Анализ данных — модель дерева решений

анализ данных

Это 26-й день моего участия в августовском испытании обновлений. Узнайте подробности события:Испытание августовского обновления

Обсудите деревья решений со следующих аспектов

Что такое дерево решений - Концепция дерева решений

Непараметрическая модель — нет необходимости делать слишком много предположений о целевой функции и переменных — более гибкая в использовании — способная решать проблемы в более сложных сценариях
В общепринятом смысле дерево решений — это обобщение на основе прошлого опыта и вынесение соответствующих суждений о текущих событиях. Например, решите, брать ли с собой зонт, основываясь на опыте дождя в прошлом. Решите, идти ли сегодня играть или нет, в зависимости от погоды.
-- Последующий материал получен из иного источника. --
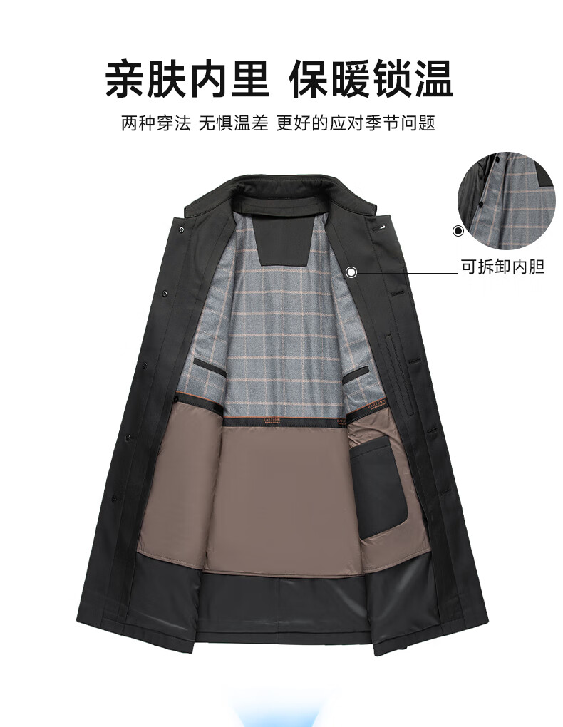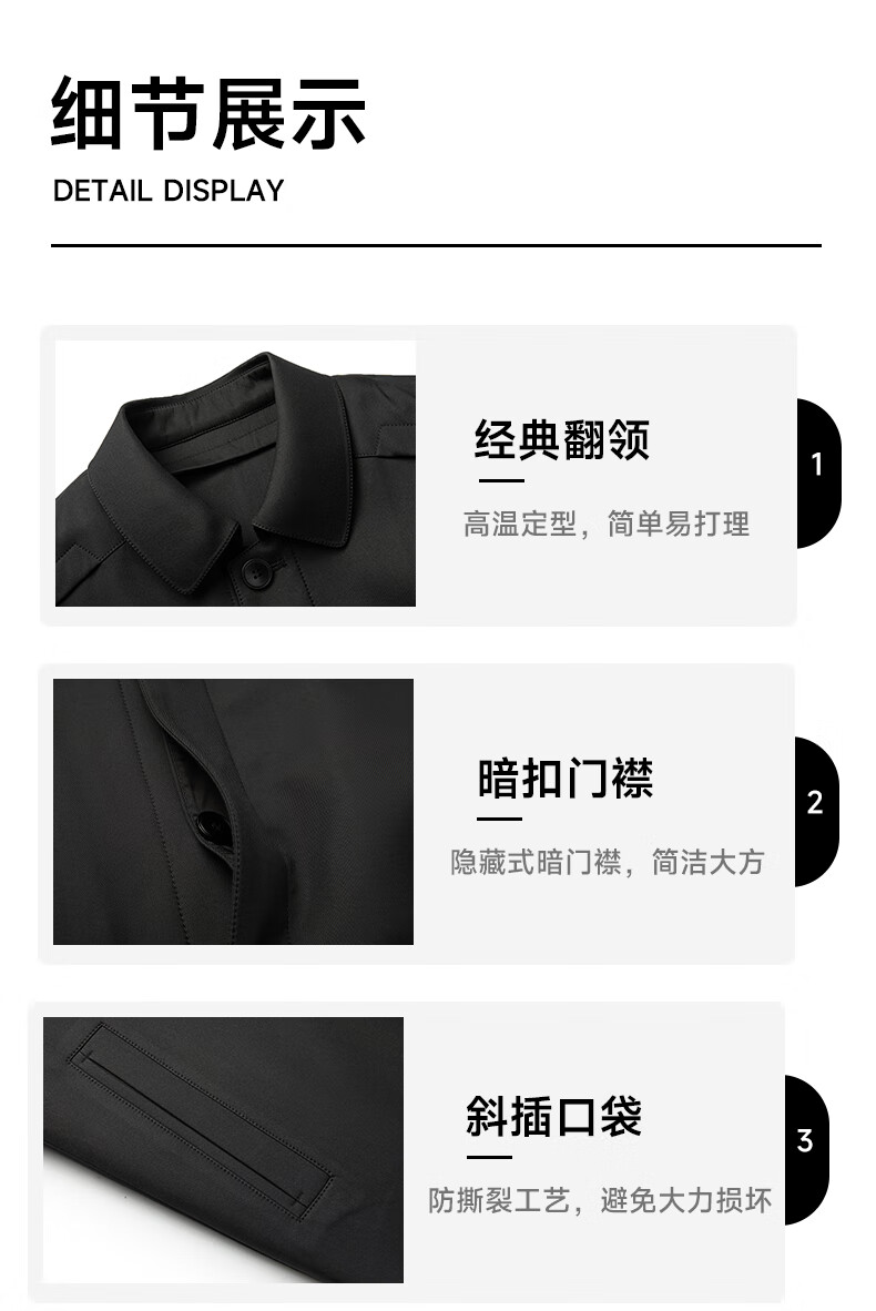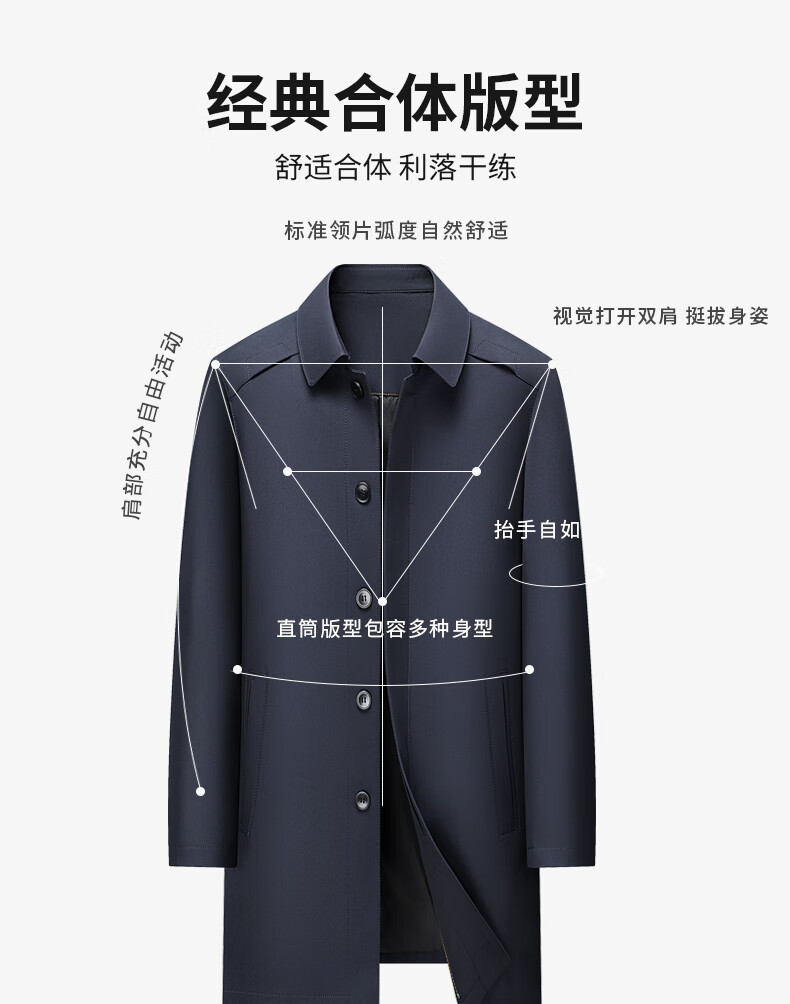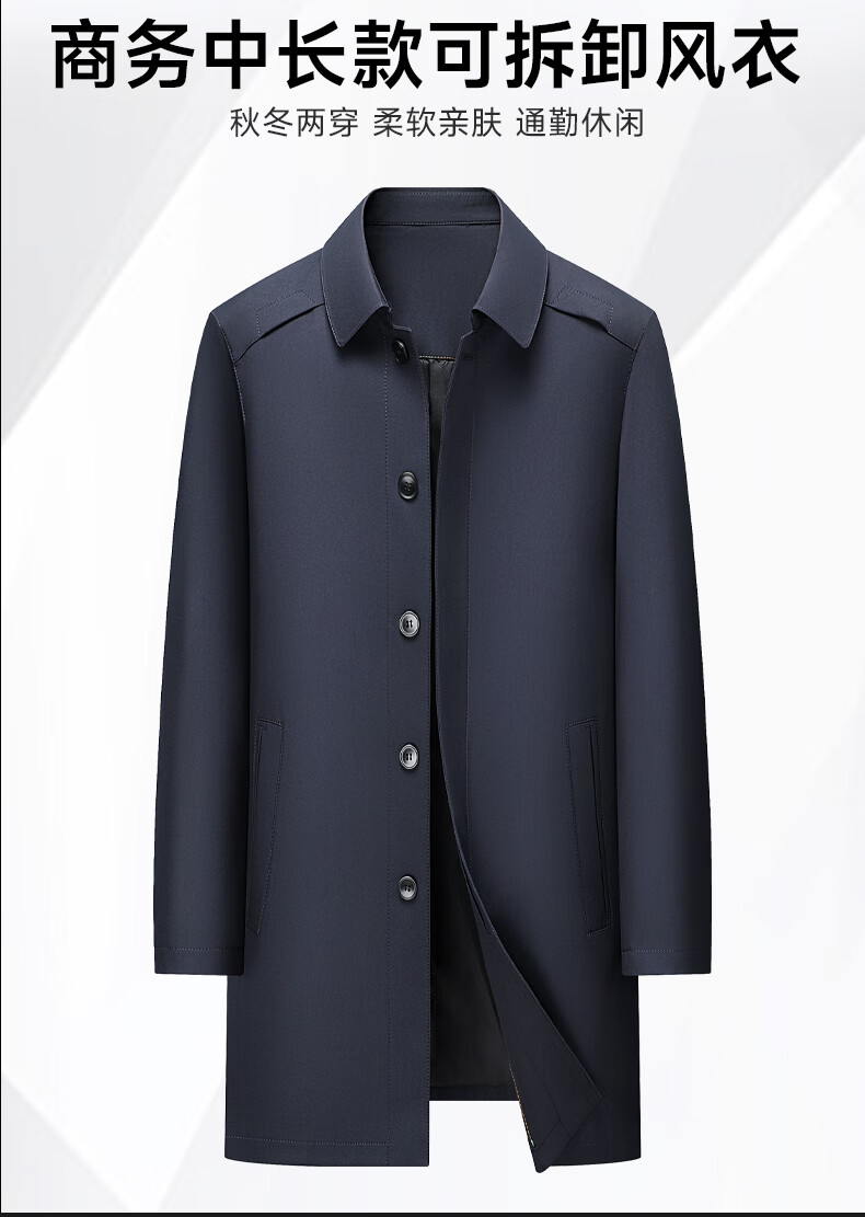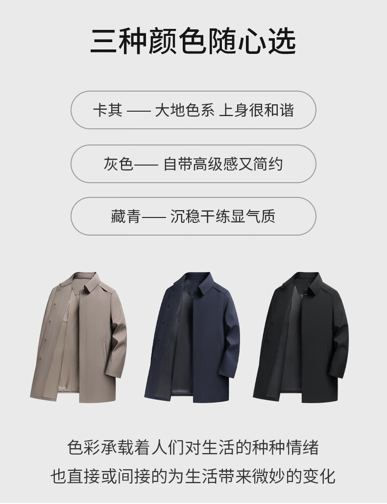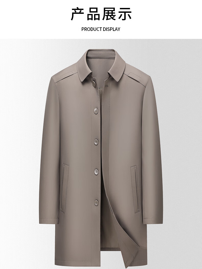 皮尔卡丹【抗皱】风衣男士秋冬季中长款商务休闲翻领行政夹克中年爸爸装

Как построить дерево решений

Дерево решений два основных шага:

  1. Построить дерево решений — выбрать соответствующий атрибут в качестве узла Три вопроса: Какое свойство — корневой узел? Какие свойства - обратное соединение? Когда вы остановитесь и получите целевое значение?
    • Как определить, какую функцию выбрать для каждого узла, каковы его общие методы и соответствующие им функции?
      ID3 и C4.5 — выбор функций на каждом этапе
      На основе информационной энтропии [с указанием неопределенности случайных величин] - Новые ветки, сгенерированные на узлах, уменьшают информационную энтропию - Проблема классификации + ID3 не может обрабатывать непрерывные значения + C4.5 может обрабатывать непрерывные значения, но намного сложнее, чем CART
    • Информационная энтропия: H(X)=-Σpilogpi
      **pi: вероятность того, что выборка попадет на каждый листовой узел — Σpi = 1**
      n = 2 - p1, p2 оба равны 1/2 - информационная энтропия достигает максимального значения
      p1 = 1/ p1 = 0 - Информационная энтропия является минимальным значением - В модели дерева решений выберите соответствующие признаки в качестве узлов - Уменьшите информационную энтропию
      Метод CART - Коэффициент Джини [примесь Джини] вместо информационной энтропии - Джини (D) = 1 - Σpi² - Выберите функцию, которая уменьшает примесь Джини как узел
      Метод CART — поддерживает прогнозирование непрерывных значений (регрессия) — классификация + проблемы прогнозирования + обработка непрерывных значений — модель дерева решений sklearn по умолчанию в Python также использует метод CART для выбора ветвей
  2. Обрезка - предварительная обрезка и постобрезка - предотвращение переобучения

Предварительная обрезка - обрезка при построении - узлы оцениваются во время построения - без повышения точности - без деления
Последующая обрезка — обрезка после создания дерева решений — конечные узлы подняты — небольшая разница в точности/улучшении после обрезки — обрезка

Общая проблема

  1. Кратко опишите сходства и различия между методами ID3 и C4.5.
    Когда ID3 выбирает функции - выберите функцию, которая максимизирует прирост информации g(D,A) в качестве узла - g(D,A)=H(D)-D(D|A)
    H(D) - текущая информационная энтропия модели дерева решений; H(D|A) - информационная энтропия после создания нового узла - в качестве узла будет выбран признак с большим количеством ветвей - переобучение
    C4.5 - Максимизация коэффициента приращения информации - g'(D,A) = g(D,A)/H'(D) = (H(D) - H(D|A))/H'(D )
    H'(D) = -Σ|Di|/|D|log2|Di|/|D| - |Di|/|D| - выборка вКоличество узлов в каждой категории- Количество категорий увеличивается - H'(D) становится больше - Коэффициент приращения информации становится меньше - Избегайте выбора объектов со слишком большим количеством ветвей в качестве узлов

  2. Кратко опишите преимущества и недостатки модели дерева решений.
    непараметрическая модель
    По сравнению с моделью линейной регрессии и моделью логистической регрессии —нет нуждыобразцы заранееПредположение- Может обрабатывать большесложныйизобразец- рассчитатьскоростьБыстрее -результатлегко объяснить - можноОдновременная обработкаПроблемы классификации и проблемы прогнозирования - ДаНечувствительность к отсутствующим значениям
    Очень хорошая интерпретируемость. Нарисуйте ответвления. Наглядно просматривайте весь процесс выбора модели.
    Слабый ученик - Метод настройки для оптимизации - Все еще склонен к переоснащению - Большая ошибка в конечном результате - Плохо работает на данных с сильной корреляцией функций

  3. Каковы обычно используемые методы настройки для моделей дерева решений?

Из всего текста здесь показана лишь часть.